Records from a data collection:
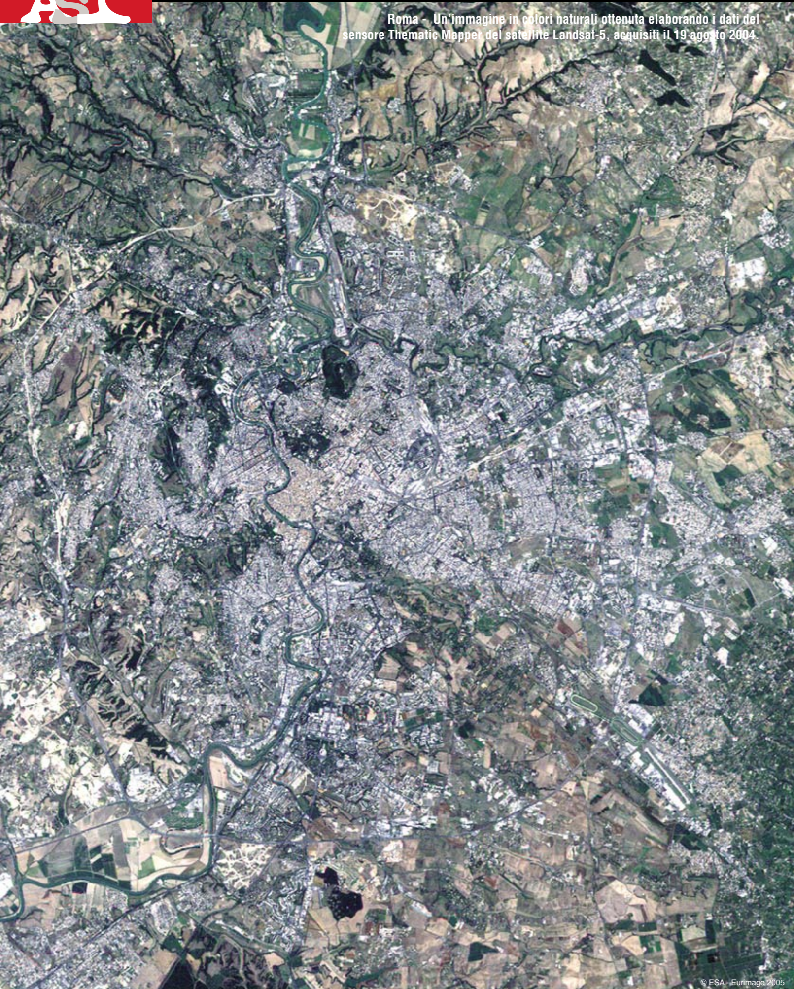
Roma - Un'immagine in colori naturali ottenuta elaborando i dati del sensore Thematic Mapper del satellite Landsat-5, acquisiti il 19 agosto 2004.
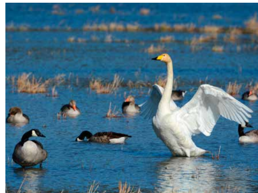
Värfåglar i Ågestasjön

Detta våtmarksrike är rikt på upplevelser, förutom fåglar så finns också andra djur som dykarbaggar, grodor, salamandrar, trollsländor eller fladdermöss. Fladdermössen är fulländade mästervägar som fascinerar när de jagar nattens rika insektsliv. Spektakulära groddjur kan ses och höras då de leker om våren i de grunda vattensamlingarna. Kraftfulla dykarskalbaggar och vackra trollsländor engagerar både gammal och ung när häven kommer fram. Som bonus levererar våtmarkerna ekosystemtjänster när vattnet renas och syresätts i det fortsatta kretsloppet mot Östersjön. Besök Orlångens våtmarksrike med upplevelser och kunskap att ta del av.
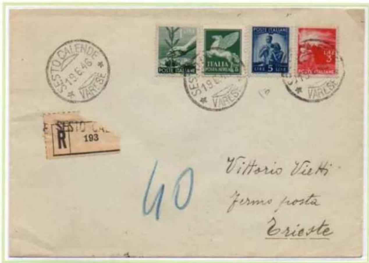
19/06/1946 - Lettera raccomandata tariffa 14 l. (4 l. di lettera e 10 l. di raccomandazione) da Sesto Calende a Trieste.
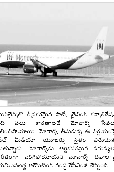
ఎయిర్లైన్స్ తో తీవ్రకలహం పోటీ, డ్రైవింగ్ కన్నా టిక్టెట్స్ వంటి పలు కారణాలచే మోనార్చ్ సేవలు స్తంభింపిపోయాయి. మోనార్చ్ తీసుకున్న ఈ నిర్ణయంపై సోషల్ మీడియా యూజర్లు సైతం విరుచుకు పడుతున్నారు. మోనార్చ్కు ఆర్థికపరమైన సమస్యలు ఎవవరంగా పెరిగిపోయాయని మోనార్చ్ డివలపై నియమించబడ్డ అకౌంటింగ్ సంస్థ కేపీఎంజీ చెప్పింది.

లండన్ : యూకేలో అతిపెద్ద ఎయిర్లైన్ సంస్థ మోనార్చ్ సంక్షోభంలో కూరుకుపోయింది. సోమవారం నుంచి మోనార్చ్ ఎయిర్లైన్స్ తన సేవలను నిలిపివేసింది. 3 లక్షల బుకింగ్స్ను కూడా ఈ ఎయిర్లైన్స్ రద్దు చేసింది. దీంతో విదేశాల్లో ఉన్న మోనార్చ్ విమాన ప్రయాణికులు ఇరకాటంలో పడిపోయారు. విదేశాల్లో చిక్కుకుపోయిన లక్షకు పైగా మోనార్చ్ ప్రయాణికులను జాగ్రత్తగా తిరిగి స్వదేశానికి తీసుకురావాలని సివిల్ ఏవియేషన్ అథారిటీ(సిఐఏఏ)ని బ్రిటీష్ ప్రభుత్వం ఆదేశించింది. ఈ మేరకు వారిని వెనక్కి తీసుకురావడానికి సిఐఏఏ 30కి పైగా ఎయిర్క్రాఫ్ట్లను నిర్దం చేసింది. మోనార్చ్ విమానాలను, హౌడిన్స్ను రద్దు చేస్తున్నట్లు ప్రకటించడం విచారకమంటూ మోనార్చ్ టిక్టెట్ల తన ద్వారా తన సేవల నిలిపివేతను ప్రకటించింది. మోనార్చ్ ప్రయాణికులు విమానశ్రయాలకు వెళ్లాలనుకుంటే రేదని, అక్కడ విమానాలు లేవంటూ పేర్కొంది. మోనార్చ్ తీసుకున్న ఈ నిర్ణయం తన కష్టమర్థం, ఉద్యోగులపై తీవ్ర ప్రభావం చూపుతుందనీ సిఐఏఏ చీఫ్ ఎగ్జిక్యూటివ్ ఆఫీసర్ ఆండ్రూ హైన్స్ చెప్పారు. యూకేలోని

### [Required work]
When you reach the line with "19/06/1946 - Lettera" in the records above, begin repeating the lines exactly, and stop after the line with "ఎయిర్లైన్స్ తో తీవ్రకలహం". Skip all pictures.

### [Reply to the exercise]
19/06/1946 - Lettera raccomandata tariffa 14 l. (4 l. di lettera e 10 l. di raccomandazione) da Sesto Calende a Trieste.
ఎయిర్లైన్స్ తో తీవ్రకలహం పోటీ, డ్రైవింగ్ కన్నా టిక్టెట్స్ వంటి పలు కారణాలచే మోనార్చ్ సేవలు స్తంభింపిపోయాయి. మోనార్చ్ తీసుకున్న ఈ నిర్ణయంపై సోషల్ మీడియా యూజర్లు సైతం విరుచుకు పడుతున్నారు. మోనార్చ్కు ఆర్థికపరమైన సమస్యలు ఎవవరంగా పెరిగిపోయాయని మోనార్చ్ డివలపై నియమించబడ్డ అకౌంటింగ్ సంస్థ కేపీఎంజీ చెప్పింది.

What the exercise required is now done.